NEW YORK, Sept. 29, 2015 /PRNewswire/ -- Researchers at Hospital for Special Surgery (HSS) have released a second set of results from the PROMISSE study showing that angiogenic biomarkers measured in maternal blood successfully predict whether or not a woman with lupus is likely to experience serious complications during pregnancy – complications that could negatively affect her health or that of her baby.
The new findings from the study, also known as "Predictors of pRegnacy Outcome: BioMarkers in antiphospholipid antibody Syndrome and System lupus Erthematosus" were published in The American Journal of Obstetrics and Gynecology.

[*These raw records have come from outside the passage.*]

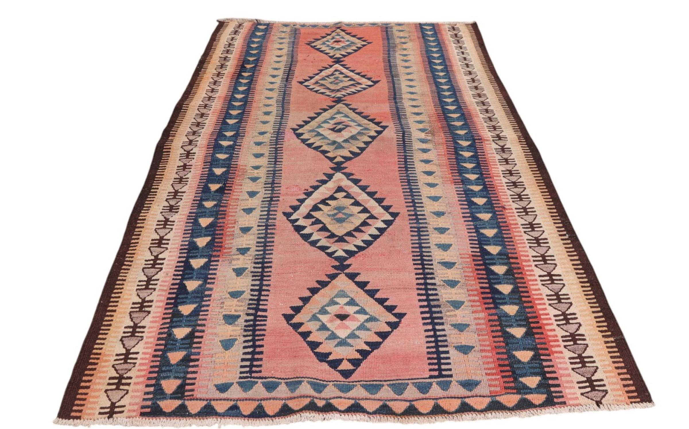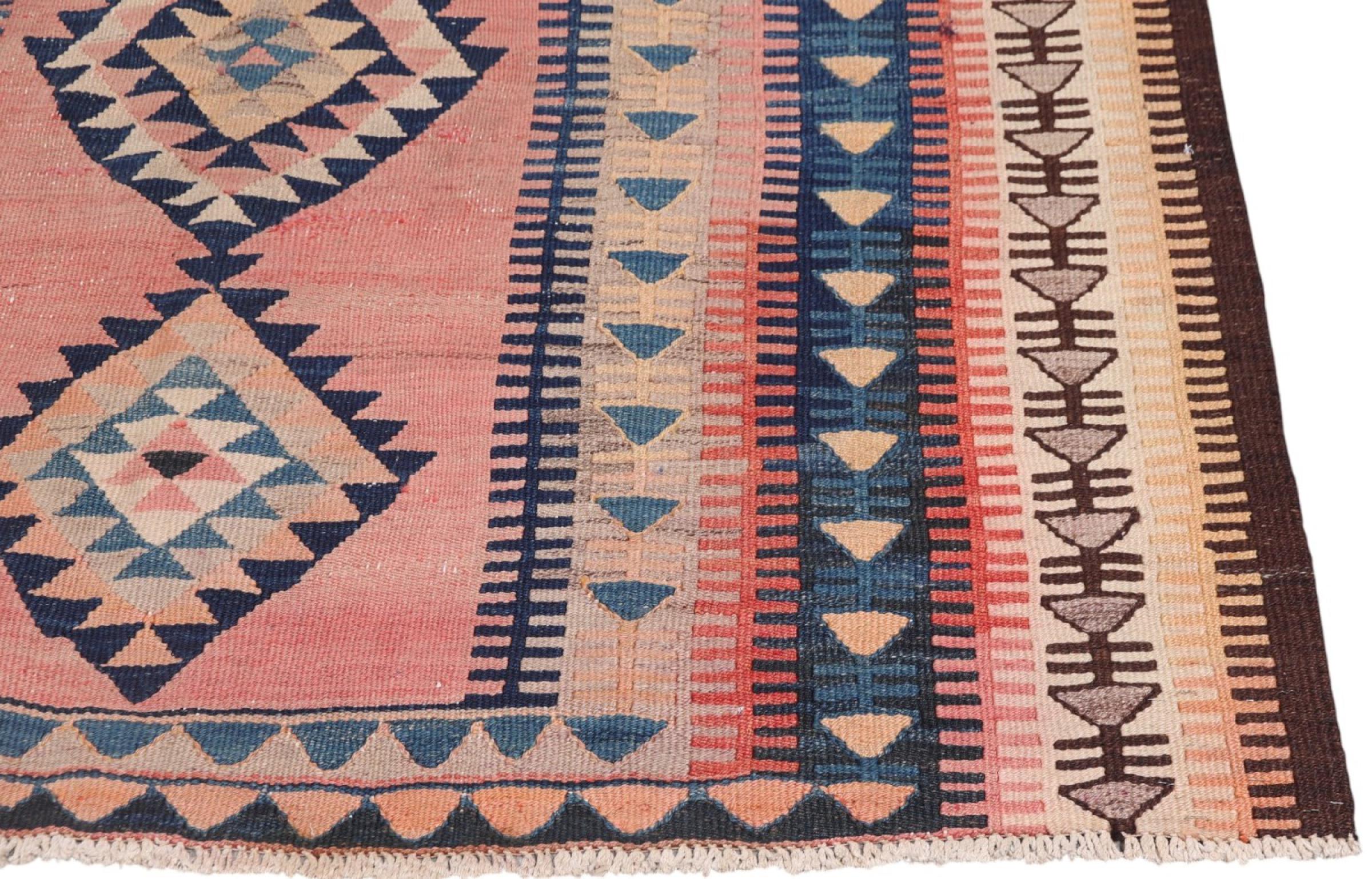 This rug was made as a flat weave by hand on a loom. Flatweave is the term used to describe rugs that have no pile. As the name promises, these rugs are woven and not knotted. This results in a flat rug with a structured surface. Flatweaves are not as soft and usually thinner than knotted rugs. At the same time they are much less complex to manufacture and can usually be laid out from both sides (front and back). Their patterns are usually geometric, which is determined by the fabric.
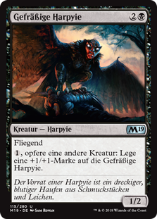 | Rules | Flying , Sacrifice another creature: Put a +1/+1 counter on Ravenous Harpy. |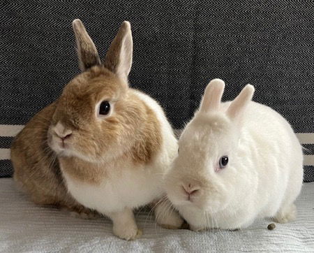 Nugget and Daisy Mae are an adorable pair of dwarf rabbits. Spayed and neutered , vaccinated .. they are ready to hop into a sweet home with a family who will love them forever, both are box trained and lovely . Affectionate little ones. These rabbits are very small and need to go to a home where there are no predatory animals. S/ N DOB 2020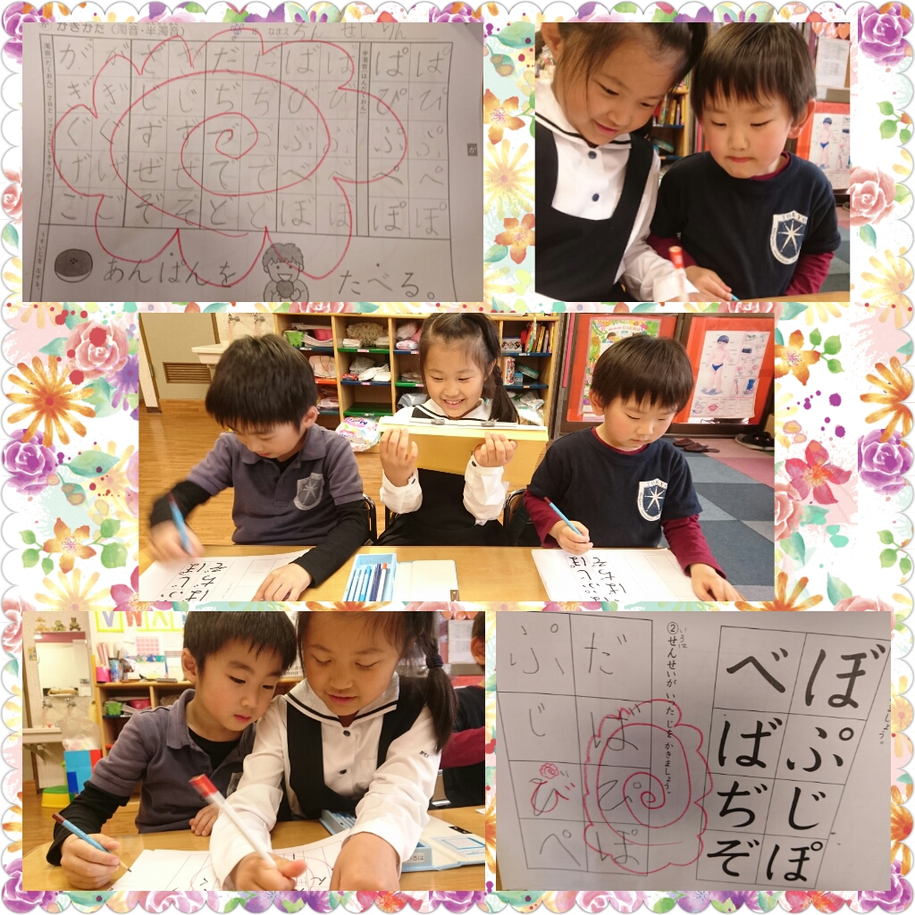 年長さんは、大好きな“I先生”が帰ってきて大喜び♪Rくんは何度もJUMPして飛びついてHUGをしていましたよ(^^)大好きなI先生に花丸をもらい上機嫌な2人は濁音、半濁音を学びました。
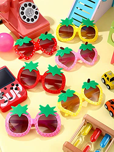 Weewooday 6 Pairs Kids Sunglasses Party Strawberry Pineapple Shaped Sunglasses Cute Round Funny for Toddler Kids Boys Girls 6

PROMISSE showed that 20 percent of women with systemic lupus erythematosus (SLE) and/or antiphospholipid antibodies (APL) syndrome who become pregnant are at increased risk for adverse outcomes. Both conditions, by themselves and together, can lead to fetal death, miscarriages, growth-restricted babies and/or preeclampsia, a condition of severe high blood pressure and kidney problems during pregnancy. The capacity to identify, early in pregnancy, those women at risk for serious complications and those likely to have normal pregnancies will allow for more personalized care.
Doctors can more closely monitor high risk pregnancies, and they can reassure low-risk mothers that their pregnancies should progress smoothly. Doing so will reduce anxiety in parents-to-be and minimize the need for extensive medical evaluations, visits and cost associated with SLE and APL patient care during pregnancy.

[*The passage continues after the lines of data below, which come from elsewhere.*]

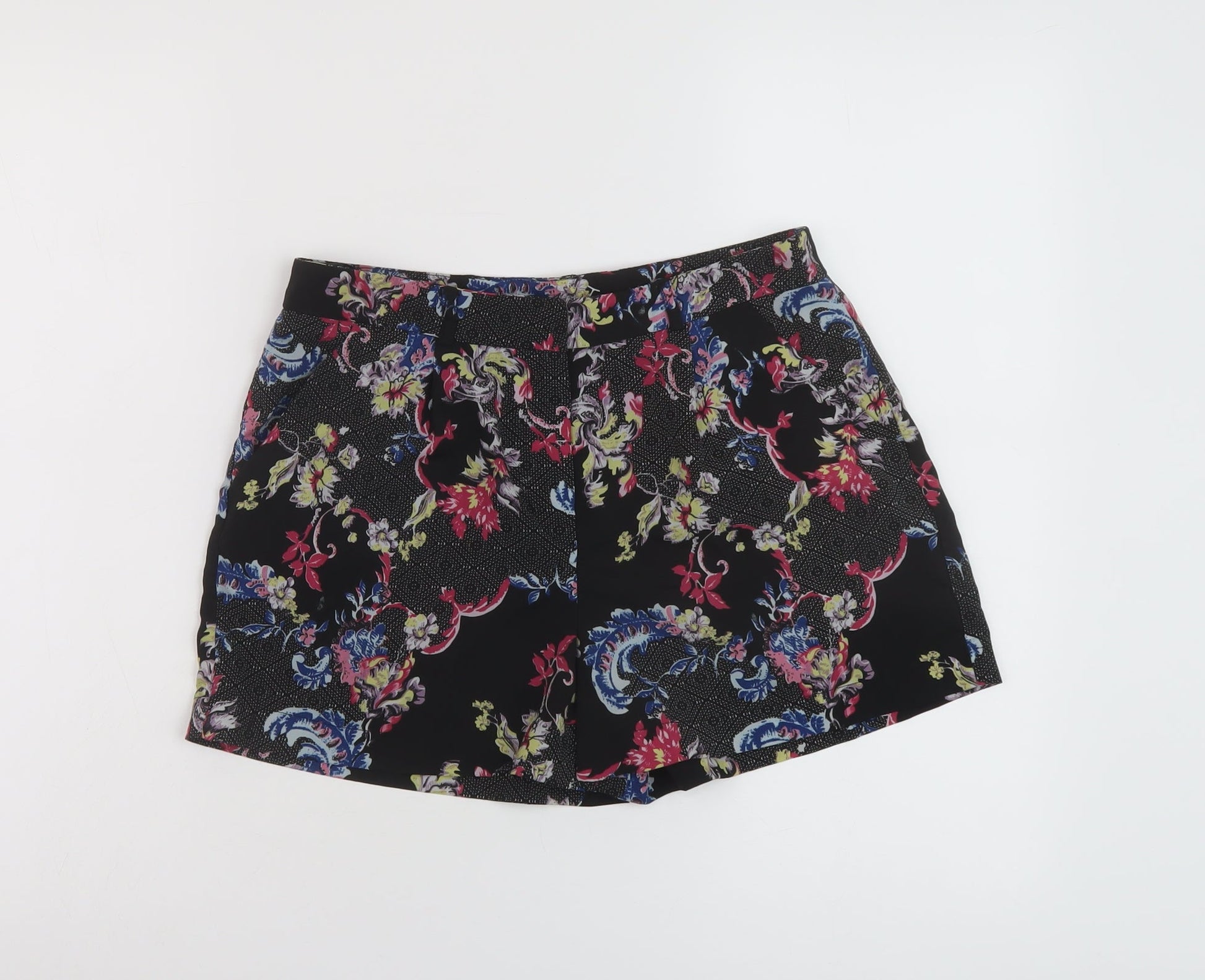 Select Womens Black Floral Polyester Basic Shorts Size 6 L3 in Regular Zip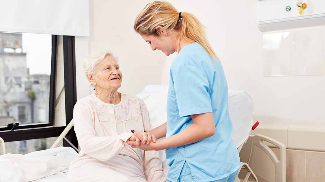 Älterer Mann bekommt von einer Ärztin eine Impfung in den Arm.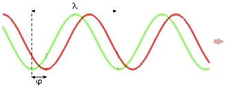 En el diagrama de derecha, el desfase vale , donde T es el período de la onda y el retardo de la curva verde con respecto a la roja (en segundos).

In this study, researchers measured proteins made by the placenta that circulate in the mother's blood, which also regulate growth and development of the placenta, called angiogenic factors. As early as 12 -15 weeks into a pregnancy, alterations in their levels identified pregnancies associated with a high risk for serious problems. Most importantly, normal levels predicted normal pregnancies. Angiogenic factor levels are biomarkers, predictors of outcomes that, when available in routine clinical laboratories, provide guidance for management of patients allowing physicians to make realistic predictions of outcome early enough to consider interventions.
"The findings of the study allow physicians to stratify risk early in pregnancy to optimize patient care and allocation of healthcare resources. If angiogenic biomarker levels remain normal, we can reassure patients that fewer than 5 out of 100 will not develop serious complications, such as preeclampsia, severe growth restriction or fetal death," said Jane E. Salmon, MD, Director of the Lupus and APS Center of Excellence and Collette Kean Research Chair at Hospital for Special Surgery and principal investigator of the PROMISSE study. "When these biomarker tests are available clinically, they will guide prenatal care in women living with lupus."
The new study revealed that only 12 percent of patients with inactive SLE and/or APL have severe adverse pregnancy outcomes, showing that most patients with these conditions go to term without difficulties. Those pregnancies defined as high risk, based on levels of angiogenic factors and clinical features, like high blood pressure and certain autoantibodies, had a 94 percent risk of preeclampsia before 34 weeks, delivery before 30 weeks or fetal death, compared to 4.6 percent with these serious complications in women with normal angiogenic factor levels and no clinical risk factors.
"The goal of our research efforts is to provide early identification of risk in expectant mothers with lupus and to develop treatments to prevent serious pregnancy complications," said Dr. Salmon. "We are halfway there, and now we are planning a trial with a drug that targets the mediators of placental injury in high risk women with SLE and APL."
Research reported in this press release was supported by the National Institute of Arthritis and Musculoskeletal and Skin Diseases of the National Institutes of Health under award number R01AR049772 and RO1AR43727 and by the Mary Kirkland Center for Lupus Research. PROMISSE is a multi-ethnic, multi-racial study, and the largest prospective study of lupus pregnancies. Between September 2003 and August 2013, PROMISSE enrolled 497 patients from eight sites in the United States and Canada. In June 2015, initial findings were released identifying clinical factors associated with poor pregnancy outcomes in women with inactive SLE and/or APL. The current study expands the work to biomarkers, further refining the capacity to risk stratify and personalize care.
About Hospital for Special Surgery
Founded in 1863, Hospital for Special Surgery (HSS) is a world leader in orthopedics, rheumatology and rehabilitation. HSS is nationally ranked No. 1 in orthopedics, No. 3 in rheumatology and No. 7 in geriatrics by U.S. News & World Report (2015-2016), and is the first hospital in New York State to receive Magnet Recognition for Excellence in Nursing Service from the American Nurses Credentialing Center three consecutive times. HSS has one of the lowest infection rates in the country. HSS is a member of the New York-Presbyterian Healthcare System and an affiliate of Weill Cornell Medical College and as such all Hospital for Special Surgery medical staff are faculty of Weill Cornell. The hospital's research division is internationally recognized as a leader in the investigation of musculoskeletal and autoimmune diseases. Hospital for Special Surgery is located in New York City and online at www.hss.edu.